Module `ethik.classification_explainer`

Expand source code

import colorlover as cl
import pandas as pd
from plotly.subplots import make_subplots

from .explainer import Explainer
from .utils import to_pandas

__all__ = ["ClassificationExplainer"]


class ClassificationExplainer(Explainer):
    def plot_bias(self, X_test, y_pred, colors=None, yrange=None, size=None):
        """Plot the bias for the features in `X_test`.

        See `ethik.explainer.Explainer.plot_bias()`.
        """
        if yrange is None:
            yrange = [0, 1]

        X_test = pd.DataFrame(to_pandas(X_test))
        y_pred = pd.DataFrame(to_pandas(y_pred))

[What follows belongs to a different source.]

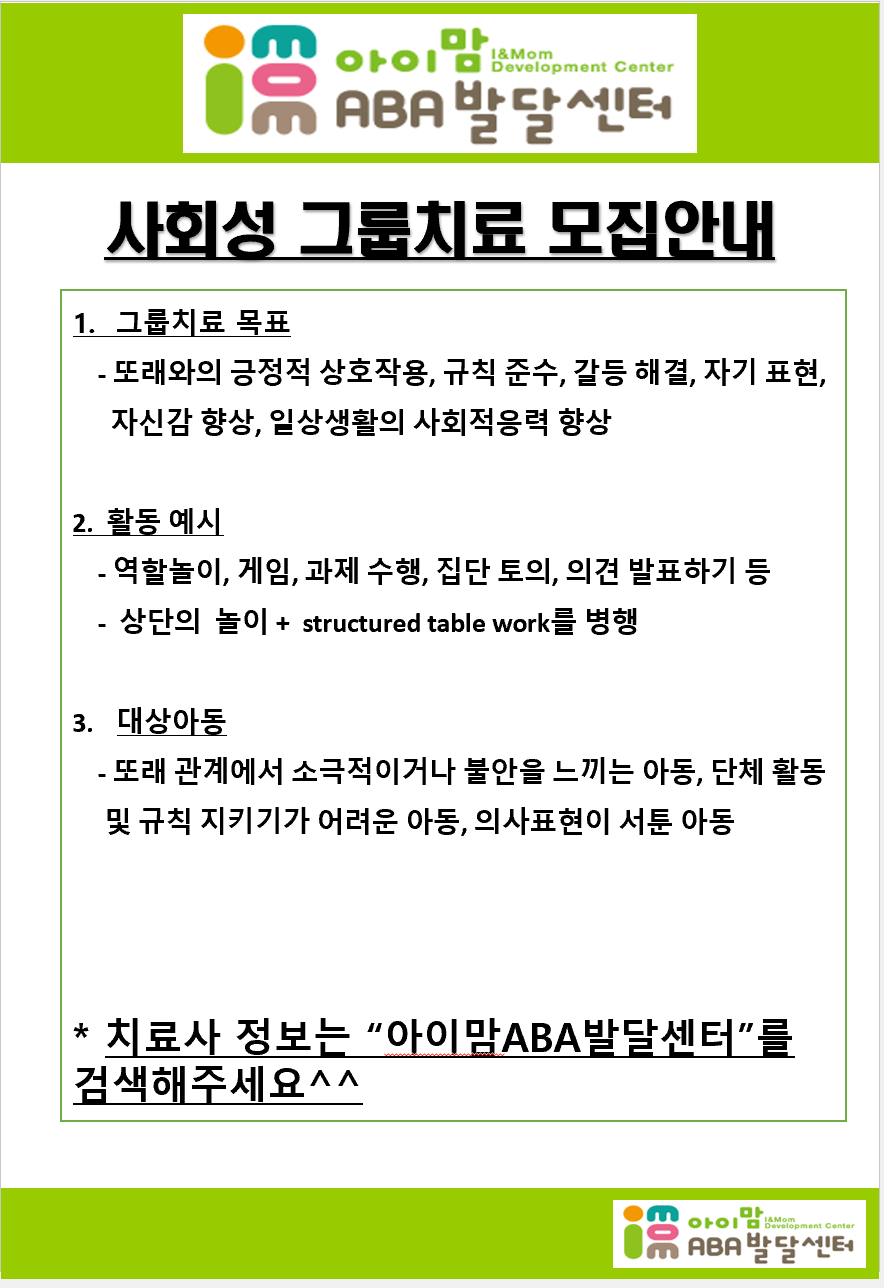 2026년 사회성 그룹치료 모집안내

        if len(y_pred.columns) == 1:
            return super().plot_bias(
                X_test, y_pred.iloc[:, 0], colors=colors, yrange=yrange, size=size
            )

        if colors is None:
            features = X_test.columns
            #  Skip the lightest color as it is too light
            scale = cl.interp(cl.scales["10"]["qual"]["Paired"], len(features) + 1)[1:]
            colors = {feat: scale[i] for i, feat in enumerate(features)}

        labels = y_pred.columns
        plots = []
        for label in labels:
            plots.append(
                super().plot_bias(X_test, y_pred[label], colors=colors, yrange=yrange)
            )

        fig = make_subplots(rows=len(labels), cols=1, shared_xaxes=True)
        for ilabel, (label, plot) in enumerate(zip(labels, plots)):
            fig.update_layout({f"yaxis{ilabel+1}": dict(title=f"Average {label}")})
            for trace in plot["data"]:
                trace["showlegend"] = ilabel == 0 and trace["showlegend"]
                trace["legendgroup"] = trace["name"]
                fig.add_trace(trace, row=ilabel + 1, col=1)

        width = height = None
        if size is not None:
            width, height = size

        fig.update_xaxes(
            nticks=5,
            showline=True,
            showgrid=True,
            zeroline=False,
            linecolor="black",
            gridcolor="#eee",
        )
        fig.update_yaxes(
            range=yrange,
            showline=True,
            showgrid=True,
            linecolor="black",
            gridcolor="#eee",
        )
        fig.update_layout(
            {
                f"xaxis{len(labels)}": dict(
                    title="tau"
                    if len(X_test.columns) > 1
                    else f"Average {X_test.columns[0]}"
                ),
                "plot_bgcolor": "white",
                "width": width,
                "height": height,
            }
        )
        return fig

Classes

class ClassificationExplainer (alpha=0.05, n_taus=41, n_samples=1, sample_frac=0.8, conf_level=0.05, max_iterations=15, tol=0.001, n_jobs=1, memoize=False, verbose=True)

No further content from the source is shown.